:: DATA SECTION ::
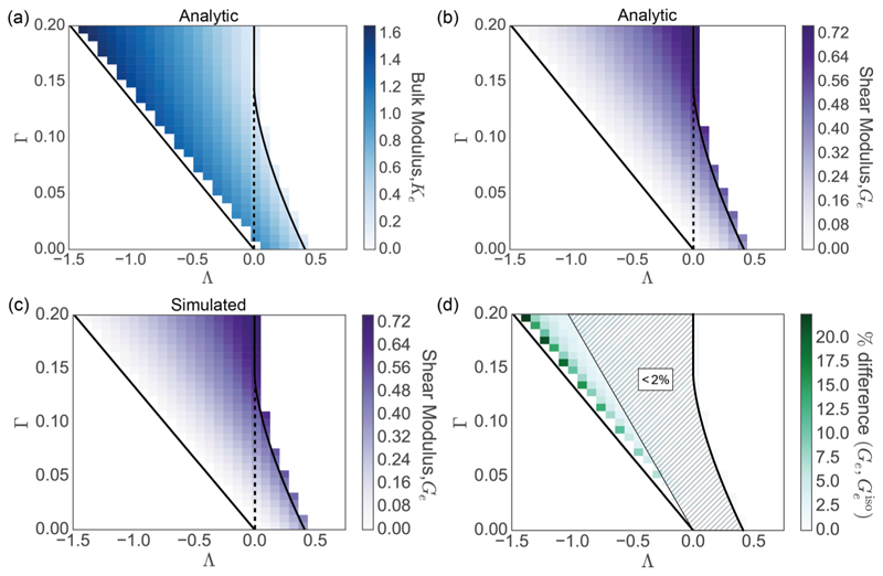 Fig. 6. (a) Heat map across discrete intervals of (Λ,Γ) parameter space showing the value of the analytic bulk elastic modulus Ke [calculated using (33)] of a disordered isotropic monolayer with 800 cells. (b) Equivalent plot of the analytic shear modulus [calculated using (37)]. (c) Computationally estimated shear modulus across parameter space. The elastic shear modulus Ge was estimated from the global perturbation stress as Δσxyℳ=−κGe, following a 1% simple-shear deformation (k = 0.01) on the simulated monolayers used in (b). Each data point is taken as an average from five realizations of a monolayer with 800 cells, with Pext = 0. (d) Percentage difference (|Ge−Geiso|/[0.5(Ge+Geiso)]) between the exact modulus Ge (37) and the approximation Geiso (38), across parameter space; the difference is below 2% in the hatched region.
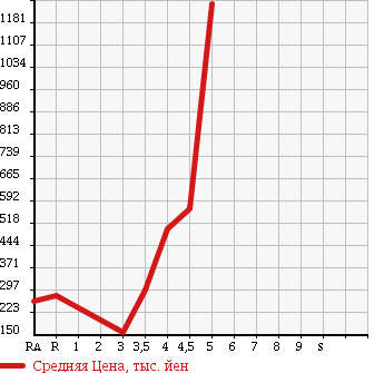 Таблица дана для самой общей оценки уровней цен на рынке. Для более точной оценки используйте таблицы расчетов по типу кузова или модификаций. Расчет "Средней цены 10% самых дешевых" и других дополнительных данных производится при наличии количества статистических данных лотов более 30
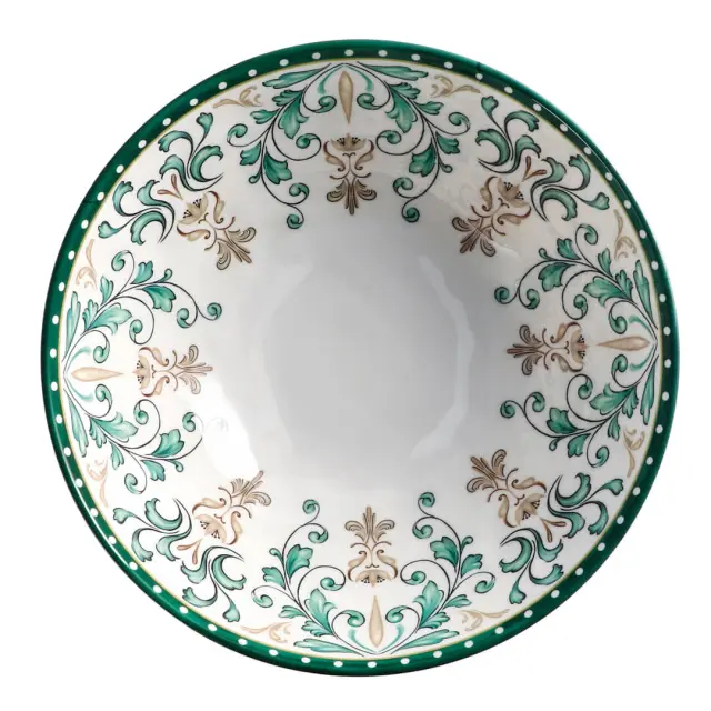 Elegantna skleda Kensy Floral s klasičnim dekorativnim vzorcem v zelenih tonih je popolna za postrežbo solat, sadja ali prigrizkov na prostem. Njen čudovit dizajn spominja na tradicionalno keramiko, vendar je izjemno lahka in odporna, zato je idealna za piknike, kampiranja ali druge aktivnosti na prostem. Izdelana je iz trpežnega melamina, ki je lahek in odporen na udarce. Skleda ni primerna za uporabo v mikrovalovni pečici in pomivanje v pomivalnem stroju. Je odlična izbira za vse, ki želijo funkcionalnost in prefinjen videz – tudi zunaj doma.

:: EXERCISE PROMPT ::
Make an exact copy of the lines from the one holding "Таблица дана для" through the end of the material, both ends included, and keep the pictures out of it.

:: ANSWER BELOW ::
 Таблица дана для самой общей оценки уровней цен на рынке. Для более точной оценки используйте таблицы расчетов по типу кузова или модификаций. Расчет "Средней цены 10% самых дешевых" и других дополнительных данных производится при наличии количества статистических данных лотов более 30
 Elegantna skleda Kensy Floral s klasičnim dekorativnim vzorcem v zelenih tonih je popolna za postrežbo solat, sadja ali prigrizkov na prostem. Njen čudovit dizajn spominja na tradicionalno keramiko, vendar je izjemno lahka in odporna, zato je idealna za piknike, kampiranja ali druge aktivnosti na prostem. Izdelana je iz trpežnega melamina, ki je lahek in odporen na udarce. Skleda ni primerna za uporabo v mikrovalovni pečici in pomivanje v pomivalnem stroju. Je odlična izbira za vse, ki želijo funkcionalnost in prefinjen videz – tudi zunaj doma.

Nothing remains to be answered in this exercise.